■ **Your objective**: The listing below should be printed exactly, though its pictures must not be.
━━ Supplied information ━━
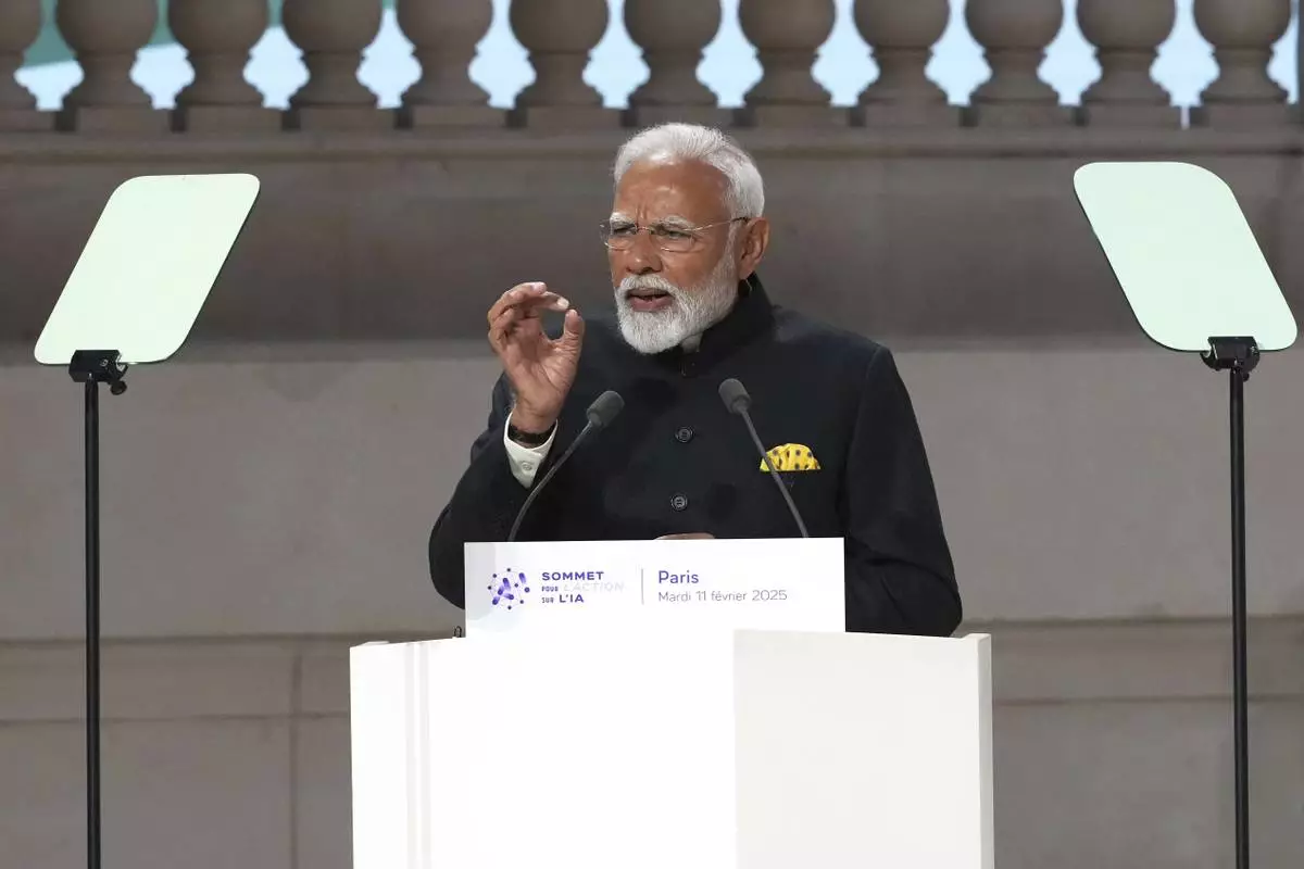 India's Prime Minister Narendra Modi addresses the audience at the Grand Palais during the Artificial Intelligence Action Summit in Paris, Tuesday, Feb. 11, 2025. (AP Photo/Michel Euler)
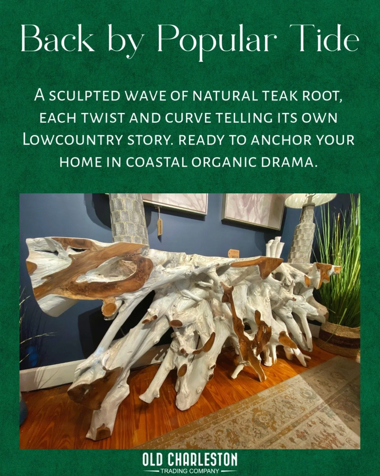 Old Charleston Trading Company is your Johns Island furniture destination for reclaimed & sustainable solid-wood pieces; think mango, acacia, teak, and parotta wood furniture alongside coastal décor, lighting, mirrors, pillows, rugs, including locally made - pottery, fused-glass art, photography and much more. The posts above pull from our live Instagram feed to highlight fresh arrivals and restocks: Dining tables, consoles, sideboards, media units, desks, bar & counter stools, unique lamps, and locally created artisan accents inspired by the Lowcountry.
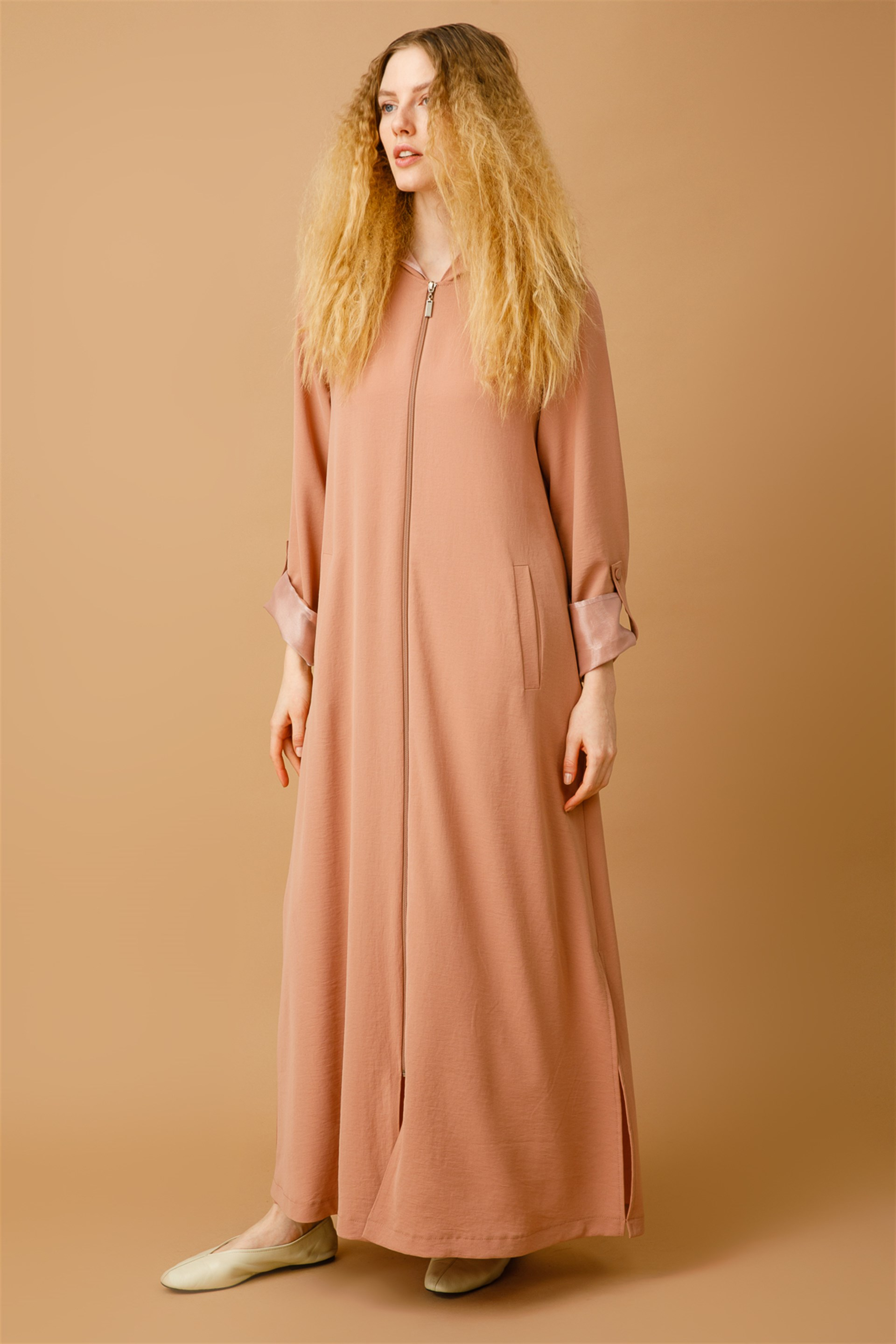 Kapüşonu ve Kolları Uçları Organze Kaplı Spor Tam Boy Kap-Pudra (221599M KAP-10)
━━━
■ **Written reply**:
 India's Prime Minister Narendra Modi addresses the audience at the Grand Palais during the Artificial Intelligence Action Summit in Paris, Tuesday, Feb. 11, 2025. (AP Photo/Michel Euler)
 Old Charleston Trading Company is your Johns Island furniture destination for reclaimed & sustainable solid-wood pieces; think mango, acacia, teak, and parotta wood furniture alongside coastal décor, lighting, mirrors, pillows, rugs, including locally made - pottery, fused-glass art, photography and much more. The posts above pull from our live Instagram feed to highlight fresh arrivals and restocks: Dining tables, consoles, sideboards, media units, desks, bar & counter stools, unique lamps, and locally created artisan accents inspired by the Lowcountry.
 Kapüşonu ve Kolları Uçları Organze Kaplı Spor Tam Boy Kap-Pudra (221599M KAP-10)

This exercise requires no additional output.